Announcement

Collapse
No announcement yet.
X
  • Filter
  • Time
  • Show
Clear All
new posts

  • Multiply two data sets

    Hi everyone,

    I have two data set or matrices: matrix a (2x164) and matrix b (164x82). In these two data sets, the first row is the variable name. Would you mind helping me with the code for multiplying matrix a with matrix b? If matrix c (2x82 is the result from this multiplication, how can I name the column of vector c as the column name of vector b? I only see Stata command for multiplying smaller matrix. I read in a post that we can use matrix score to multiply matrix, but I don't understand (Re: st: multiply two data sets (stata.com). I really look forward to your help. Thank you.
    Attached Files

  • #2
    Before you post next time, please read the forum FAQ. Among the things you will learn there is that attachments are discouraged here. Many are reluctant to download files from people they do not know.

    Moreover, it is premature to post if you have not yet imported your data into Stata.

    The following code first creates toy data sets that have the 2x164 and 164x82 structure you describe and then shows how to make a matrix from each, and multiply them. The way Stata matrices work, the column names will automatically be generated the way you want them--you don't have to do anything specific to make that happen.

    Code:
    //  CREATE TWO TOY DATASETS, 2 x 164 and 164 x 82
    clear*
    set seed 1234
    set obs 2
    forvalues i = 1/164 {
        gen var`i' = rnormal()
    }
    tempfile matrix_a_dataset
    save `matrix_a_dataset'
    
    clear
    set obs 164
    forvalues i = 1/82 {
        gen var`i' = rnormal()
    }
    tempfile matrix_b_dataset
    save `matrix_b_dataset'
    
    //  OPEN BOTH DATA SETS AND MAKE EACH INTO A MATRIX
    use `matrix_a_dataset'
    mkmat _all, matrix(A)
    use `matrix_b_dataset', clear
    mkmat _all, matrix(B)
    
    //  MULTIPLY THEM
    matrix C = A*B
    
    //  SEE THE RESULT
    matrix list C
    In the future, when showing examples from your Stata data sets, please use the -dataex- command to do so. If you are running version 17, 16 or a fully updated version 15.1 or 14.2, -dataex- is already part of your official Stata installation.
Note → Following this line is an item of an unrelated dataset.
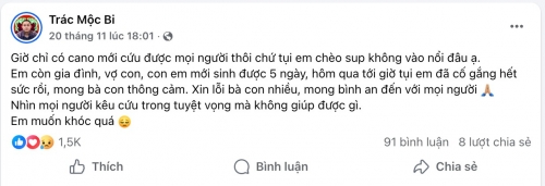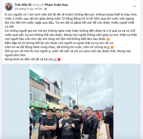 Tụi em đã cố gắng hết sức để cứu được nhiều người nhất có thể. Có những người gọi em mà em không nghe máy hoặc không đến được là vì ở quá xa và có chỗ nước quá siết, tụi em không thể vào được. Mong mọi người thông cảm giúp tụi em, thiệt sự thấy mọi người kêu cứu như vậy em cũng xót lắm mà không biết làm sao được.

If not, run -ssc install dataex- to get it. Either way, run -help dataex- to read the simple instructions for using it. -dataex- will save you time; it is easier and quicker than typing out tables. It includes complete information about aspects of the data that are often critical to answering your question but cannot be seen from tabular displays or screenshots. It also makes it possible for those who want to help you to create a faithful representation of your example to try out their code, which in turn makes it more likely that their answer will actually work in your data.

    Comment


    • #3
      Hi Clyde Schechter,

      Thank you so much for spending your time with my question. I will be more careful in posting my question. I am new to Stata.

      Actually, my original data set is in excel file. So, I imported the file A into Stata as normal (choose the first row as the variable name) and create a matrix from that file using:
      mkmat _all, matrix(A) and then I I imported the file B into Stata as normal (choose the first row as the variable name) and create a matrix from that file using: mkmat _all, matrix(B) I then multiply two matrices: matrix C = A*B However, when I list matrix C, I only see one dot (. ) as value. My two data sets have very small value around '0.0000...." , Is that the reason for the dot . in value ? I change data values to bigger ones, and it is normal. 2. How can I export the value of matrix C in excel to see the value? Thank you so much.

      Comment


      • #4
        I can't answer that question without example data from A and B. Please use the -dataex- command for that, as described in #2.

        How can I export the value of matrix C in excel to see the value?
        I'm not sure what you're asking here. You won't see anything in an export to Excel that isn't already there in Stata. If you are just asking how to export the matrix to Excel, you can go one of two ways. You can save matrix C as a Stata data set using the -svmat- command and then use the -export excel- command. Or, you can just directly send the matrix to Stata using the -putexcel- command. I recommend you read the help files for those commands for the details most relevant to your situation.
        Last edited by Clyde Schechter; 16 Nov 2022, 11:56.

        Comment


        • #5
          Thank you Clyde Schechter. I really appreciate your help. I have found out the problems with my dataset. The command you suggested work well. By the way, your command
          mkmat _all, matrix(A) was really helpful for me. Before knowing this command, I need to type all variable names after "mkmat" to transfer a dataset into a matrix. Statalist is such a helpful website for me as a beginner of Stata.

          Comment


          • #6
            Hi Clyde Schechter . May I ask you a problem about the dot (.) value in matrix multiplication? I have this problem again, Here is one example of my data set.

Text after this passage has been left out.